Hi, I'm trying to analyze for the first time a set of 16S rRNA samples obtained from human faeces.
Short description
V3-V4 amplicons, paired-end sequencing (2x300 bp). Sequences were given already demultiplexed, so I create a manifest file and imported to QIIME2 (conda). There are 68 samples, each one with ~100.000 sequences of 301bp length.
So far, I have managed to import the sequences and generate a .qzv file.
paired-end-demux.qzv (312.6 KB)
1. At this point, should I trimm the first 16 bp of the FORWARD read (median Q score < 28) in order to assure a better quality downstream? How do I do this?

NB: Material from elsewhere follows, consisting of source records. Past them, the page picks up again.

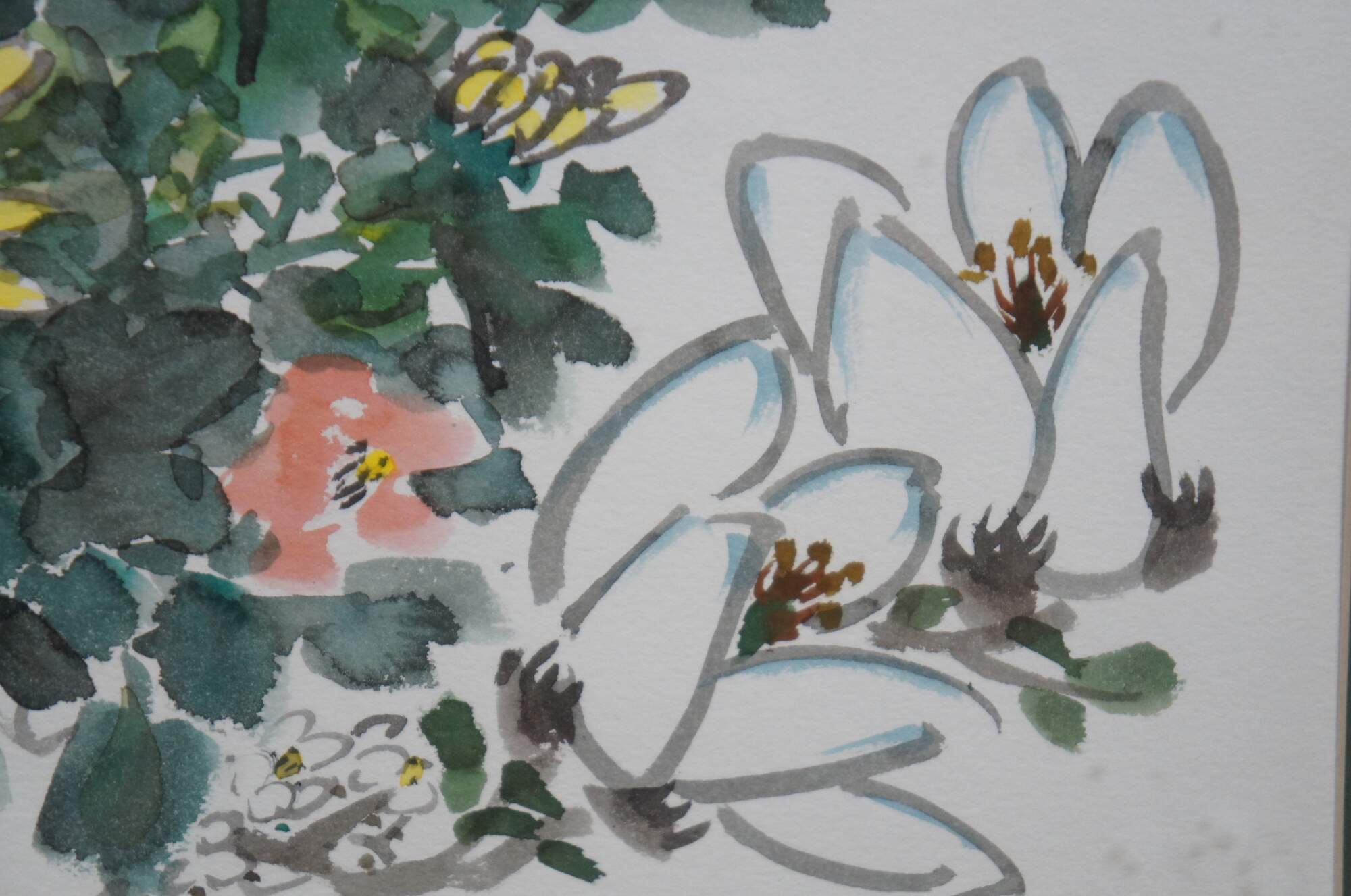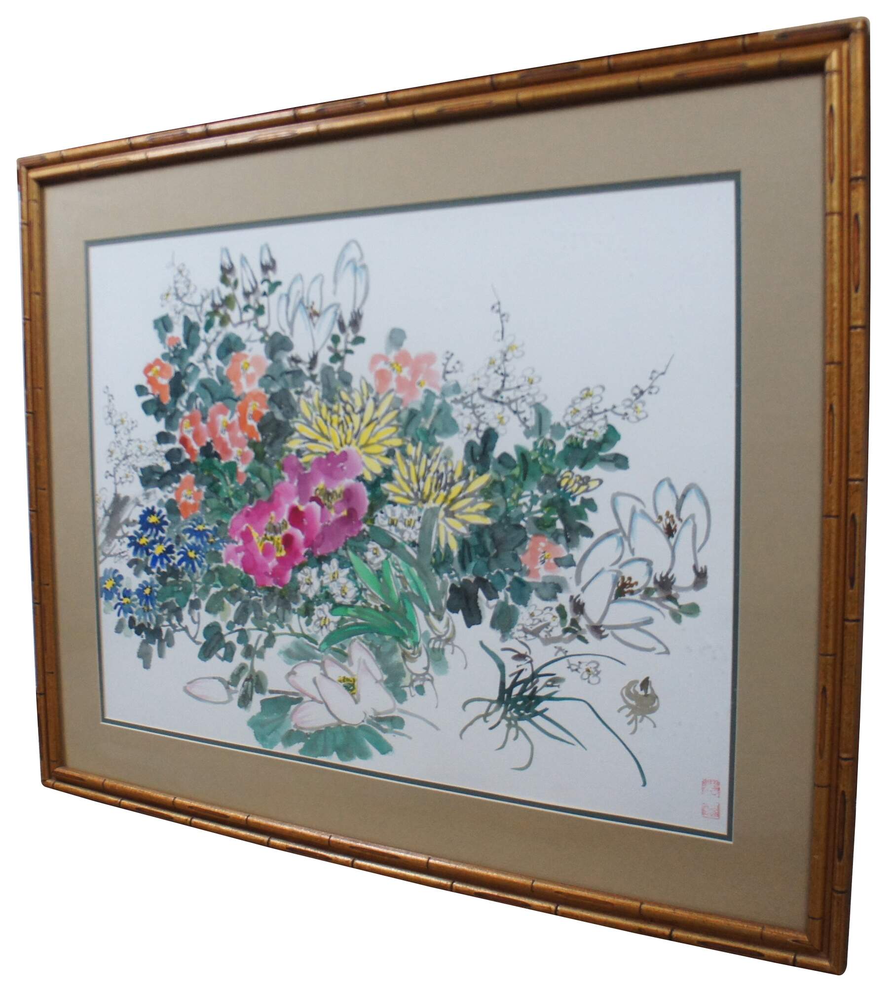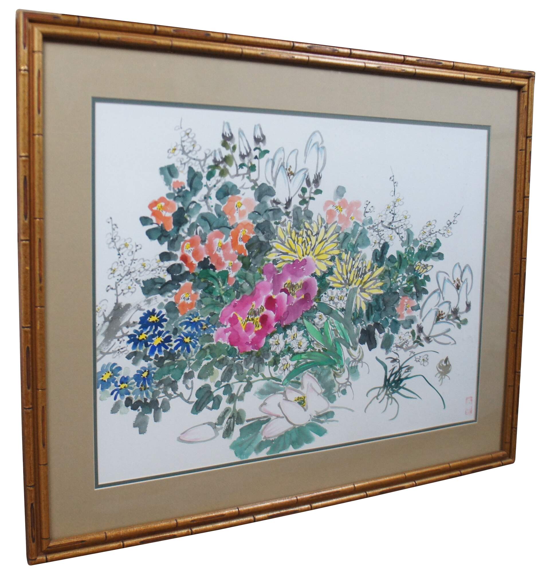 Vintage chinoiserie watercolor painting showing a variety of flowers on a plain white background, faux bamboo frame. Attributed to Zhongxiang Liu. Circa 1980s.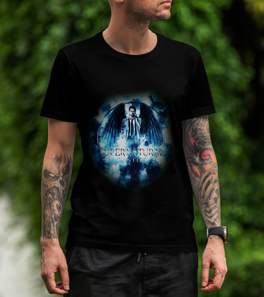 The Supernatural Castiel Angelic Aura T-shirt is designed for everyday wear and a consistent fit. Fabric is pre-shrunk ring-spun cotton with durable stitching. See the size chart below for exact measurements.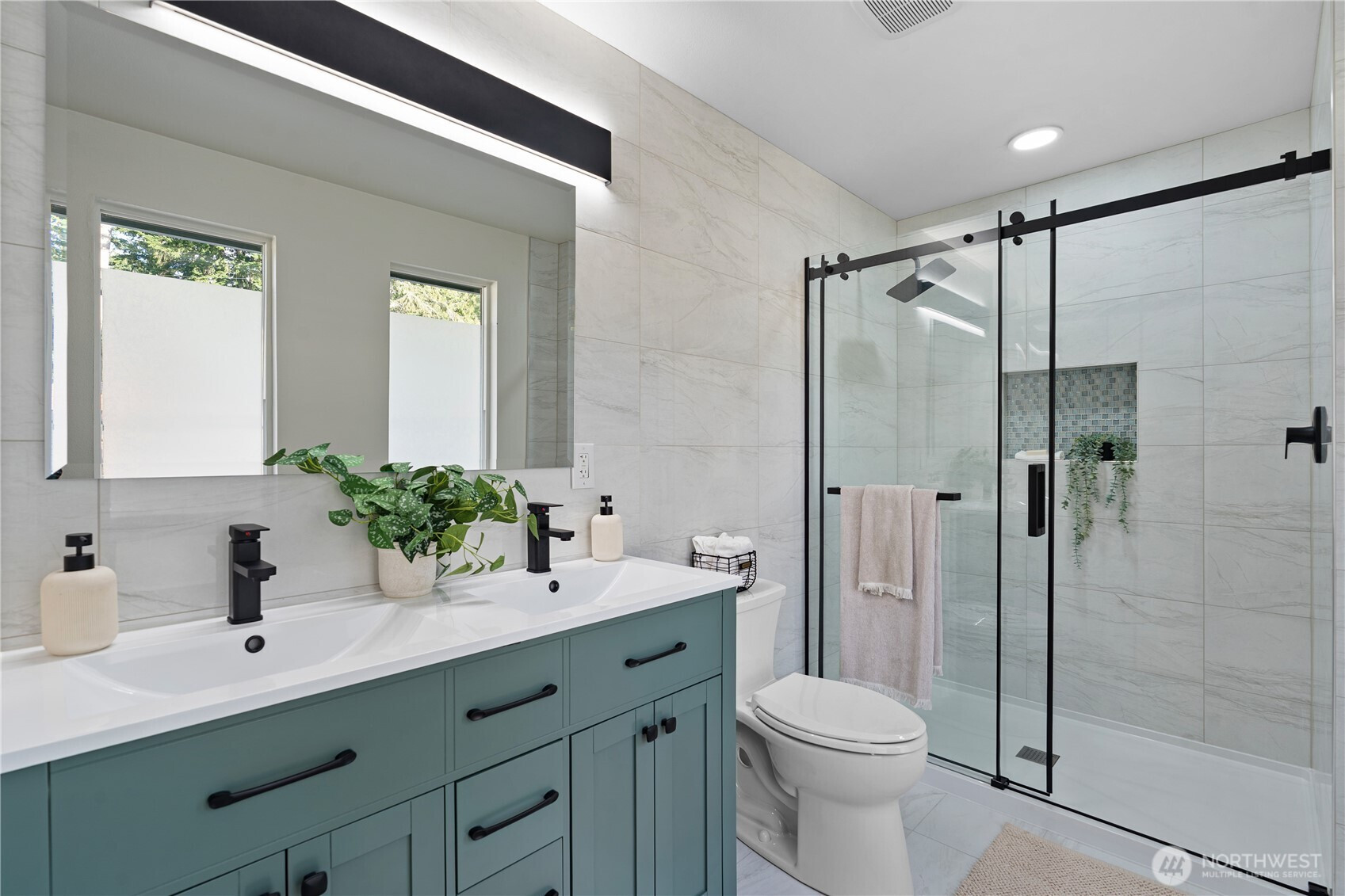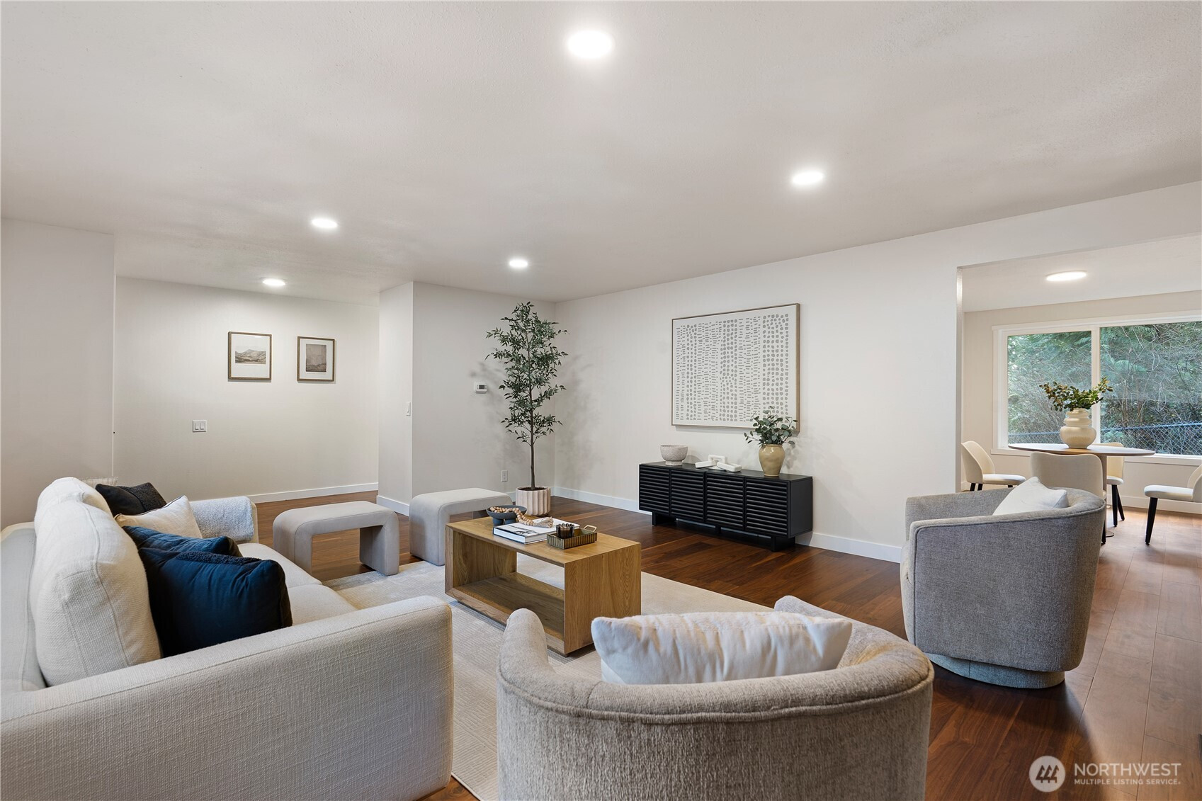 Tucked at the end of a quiet cul-de-sac in the Northshore School District, this thoughtfully remodeled Northwest Contemporary sits in a no HOA community offering a rare sense of space and calm in Bothell. Surrounded by mature evergreens, the setting feels private and peaceful, where mornings are filled with natural light and evenings are quiet. Inside, engineered hardwood floors and a beautifully updated kitchen with quartz countertops and stainless appliances create a clean, modern backdrop for everyday living and gathering. Newly installed Pella windows and sliding doors enhance both comfort and efficiency, offering Northwest Energy Star certification while framing views of the wooded surroundings. Updated baths with dual vanities, new carpet, fresh exterior paint, cedar siding, updated decking, new garage doors and openers, updated electrical panel, and a new Coleman electric furnace provide confidence in the home’s systems. The versatile tri-level layout offers multiple living spaces ideal for hosting, relaxing by the fireplace, or creating a dedicated work-from-home retreat, supported by high-speed internet availability. Outside, expansive yard space, patio, and open areas offer room to entertain, garden, or simply enjoy the privacy of your own wooded setting. Move-in ready and thoughtfully updated, this home blends modern comfort with natural Northwest charm.
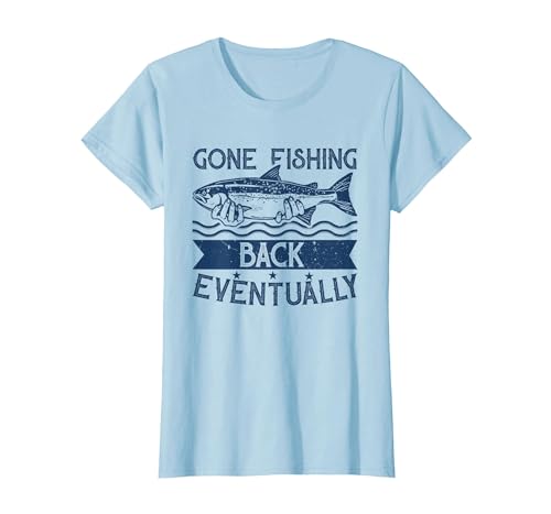 Best Fun Adult Men Humor I Gone Fishing Back Eventually T-Shirt, Women, Baby Blue, Small

Regarding joining of paired reads
According to this tutorial (demultiplexing flowchart), next step is vsearch join-pairs
.
2. Should I use the parameter --p-truncqual
at this point? If I don't trim my forward sequence prior to this (as stated in question 1, and assign for example a Q of 30), given the quality of my sequences: would this mess up the sequences and the process? Is it better not to use this parameter?
- Should I keep the default
--p-minlen
value (1)?
3. What is the expected overlap of the sequences? How this affect the default parameter value of --p-minovlen
(10)? When and why should I change this parameter?
Regarding Quality Control
4. Why the quality-filter q-score-joined
method is said to be deprecated? Why is still recommended in the tutorial? What would be the alternative? Or is ok to still use it?
Regarding Denoising
I'm aiming to use Deblur and to generate ASVs. Any advice prior to reaching this step?
Thanks in advance for your time and help.